# 100 Favorites: # 35



## JACE (Jul 18, 2014)

*Charles Ives: Symphonies Nos. 1 & 4
Michael Tilson Thomas, Chicago Symphony Orchestra & Chorus (Sony)*










Some remarks from my Ives site about this recording:

_Along with his recording of the Holidays Symphony, Tilson Thomas' reading of Ives' Fourth is surely one of the finest Ives recordings ever made. Tilson Thomas makes no effort to normalize Ives' music. This reading can sound jarringly extreme. Just listen to the crashing, almost hallucinatory second movement. Paradoxically, Tilson Thomas' willingness to express the music's rough edges does nothing to diminish the aspects of the work that place it squarely in the Western symphonic tradition.

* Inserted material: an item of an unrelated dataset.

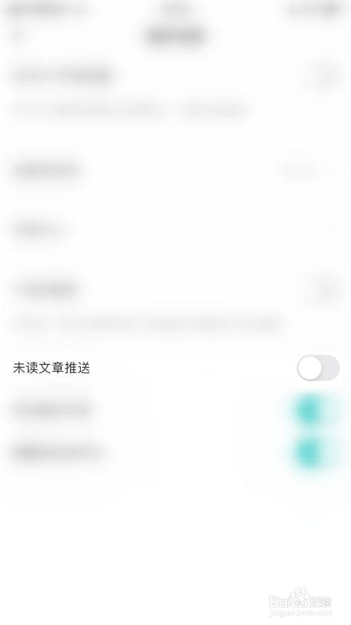 偏好设置界面点击“未读文章推送”后面的圆点

This recording of the Fourth sounds more familiar and more grand in the "classical" sense than any other I've heard. Tilson Thomas' reading captures the variety of Ives' musical vision, whether it's sternly traditional or wildly experimental, cozily familiar or remotely mysterious. The music revels in the contradictoriness of life, from comic japes and to cosmic contemplation. Just listen to MTT's take on Ives' visionary fourth movement, Finale: Very slowly; Largo maestoso. Here is Ives' greatest exultation, his bid for all-embracing unity that encompasses the whole of life. In my view, this particular movement is not only the culmination of this symphony; it is the culmination of Ives' entire musical achievement. _


----------



## HIDEKI SUKENOBU (Mar 31, 2015)

The 3rd mov. was built on the fugue style. Regretablly in Japan, other performances were there only Seiji Ozawa, I remember. Pseudo-Bach style of strings were there? I might have had Michael Tilson Thomas recording. But I only remeber that disc was released from DG.


----------